Suzanna Lewis wrote:
>
> On Sep 17, 2007, at 11:47 AM, Karen Christie wrote:
>
>> Hi,
>>
>> The reason I brought this issue up was that I was very uncomfortable 
>> with the rationale that people could use the ND evidence code as a 
>> way to find the unknown annotations, or with having that purpose as a 
>> justification to only allow the ND code for root annotations in our 
>> documentation. It seems that we have come to consensus that we should 
>> not be saying anything about this as a software shortcut to find 
>> unknown annotations.
>
> Whatever is decided. No one should do the above, ever. It was never, 
> ever the justification for the ND-only-at-root restriction. So yes, we 
> have consensus: we do -not- mention this in any documentation.
>
> I am convinced by what Ben and Mike have said. Yes we have overloaded 
> the meaning of the evidence code here.

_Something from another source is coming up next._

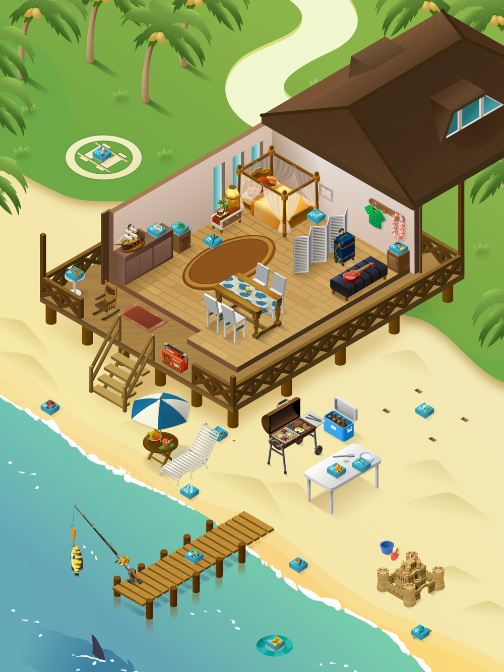 高級リゾートで家具や食べ物、乗り物のプラモデルを

ND is really curation status. 
> What I'm still confused on Mike is the question I was trying to get 
> at. You say
>
>>>>> A knockout with no phenotype is data, its a negative result yes 
>>>>> but its data. You have data that there is no phenotype for that 
>>>>> gene for the screen that was performed.
>
> So would this be an annotation to a root node with IMP?
>
>>
>> The more recent discussion has been dealing with the issue that 
>> annotations to the root node are a special case anyway, allowing us 
>> to track curation progress. While we know that these aren't 
>> annotations of knowledge in the same way as other annotations, I 
>> think the group has agreed many, many times that we DO want a way to 
>> distinguish between genes that have been looked but where nothing is 
>> known and genes that just haven't been curated yet, so I think we're 
>> stuck with tracking curation progress in some way.
>>
>> In that sense, I can see a rationale for only allowing annotations to 
>> the root node to be made with the ND code in that we are making a 
>> curatorial statement about what a curator looked at in order to make 
>> an annotation to the root node. The ND evidence code is already a 
>> special case in that it can only be used for annotations to the root 
>> node.
>>
>> Provided that the documentation is phrased in terms of curatorial 
>> process, i.e. the procedure required in order to be able to make the 
>> statement the a given aspect is unknown for a given gene, I'm OK with 
>> this restriction.
>>
>> Note that I'm not volunteering to examine, or do any rewriting of, 
>> the ND documentation since I'm due to deliver within the coming week.
>>
>> Thanks to everyone for a good discussion.
>>
>> -Karen
>>
>>
>>
>>
>> On Mon, 17 Sep 2007, Jim Hu wrote:
>>
>>> Makes sense to me (and I'm sure it won't be the last bad idea I 
>>> throw out there).
>>>
>>> So... as a user, having access to instances where negative results 
>>> have been found, as in the no phenotype example, is useful.  Knowing 
>>> that the mutant has been made and looked at is valuable.  But I can 
>>> see that it probably doesn't belong in GO.
>>>
>>> I think the distinction that you and Ben raise about curation 
>>> progress vs. annotation is important.  Perhaps curation progress 
>>> really doesn't belong at all.
>>>
>>> Jim
>>>
>>>
>>>
>>> On Sep 17, 2007, at 12:53 PM, Mike Cherry wrote:
>>>
>>>> I think this is a bad idea.  ISS to another organism that has the 
>>>> root association is not useful.  That just means that in the other 
>>>> organism there was no data, you have to look for experiments in 
>>>> each organism.  A knockout with no phenotype is data, its a 
>>>> negative result yes but its data. You have data that there is no 
>>>> phenotype for that gene for the screen that was performed.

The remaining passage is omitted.